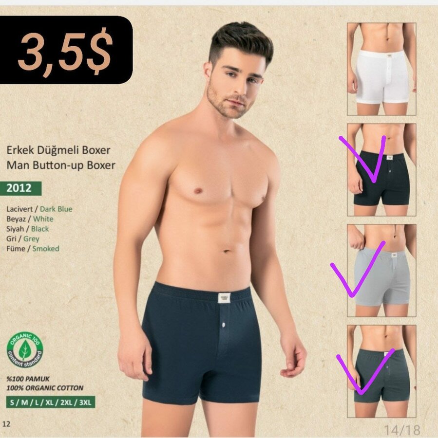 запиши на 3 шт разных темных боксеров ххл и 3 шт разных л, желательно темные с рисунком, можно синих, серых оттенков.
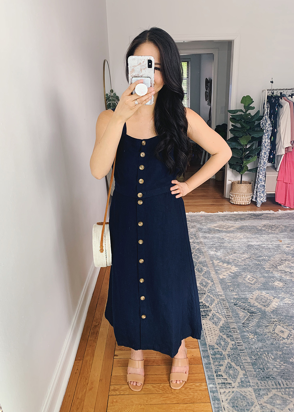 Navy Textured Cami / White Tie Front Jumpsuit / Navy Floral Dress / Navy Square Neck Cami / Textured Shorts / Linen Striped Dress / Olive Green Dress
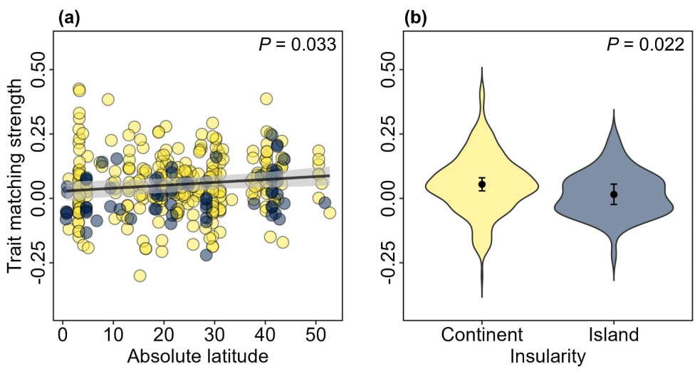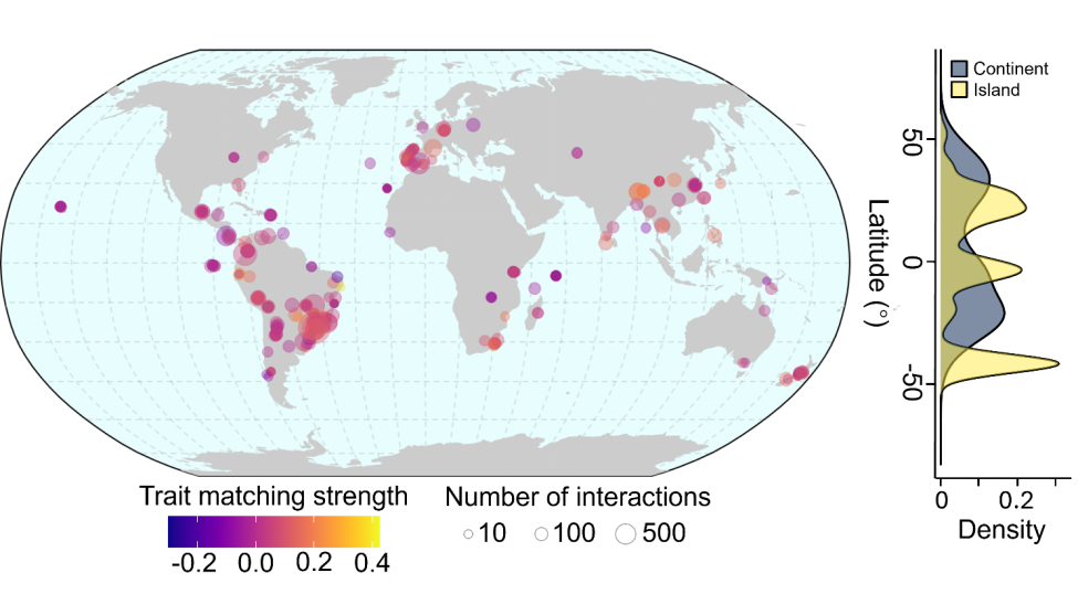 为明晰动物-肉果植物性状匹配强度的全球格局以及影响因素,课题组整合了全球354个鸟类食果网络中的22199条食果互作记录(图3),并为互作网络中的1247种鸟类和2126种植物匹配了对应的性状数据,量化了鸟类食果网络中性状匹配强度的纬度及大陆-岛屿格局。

- [WORK REQUEST]
Word for word, copy every line of the data, excluding any pictures.

- [ANSWER]
 запиши на 3 шт разных темных боксеров ххл и 3 шт разных л, желательно темные с рисунком, можно синих, серых оттенков.
 Navy Textured Cami / White Tie Front Jumpsuit / Navy Floral Dress / Navy Square Neck Cami / Textured Shorts / Linen Striped Dress / Olive Green Dress
 为明晰动物-肉果植物性状匹配强度的全球格局以及影响因素,课题组整合了全球354个鸟类食果网络中的22199条食果互作记录(图3),并为互作网络中的1247种鸟类和2126种植物匹配了对应的性状数据,量化了鸟类食果网络中性状匹配强度的纬度及大陆-岛屿格局。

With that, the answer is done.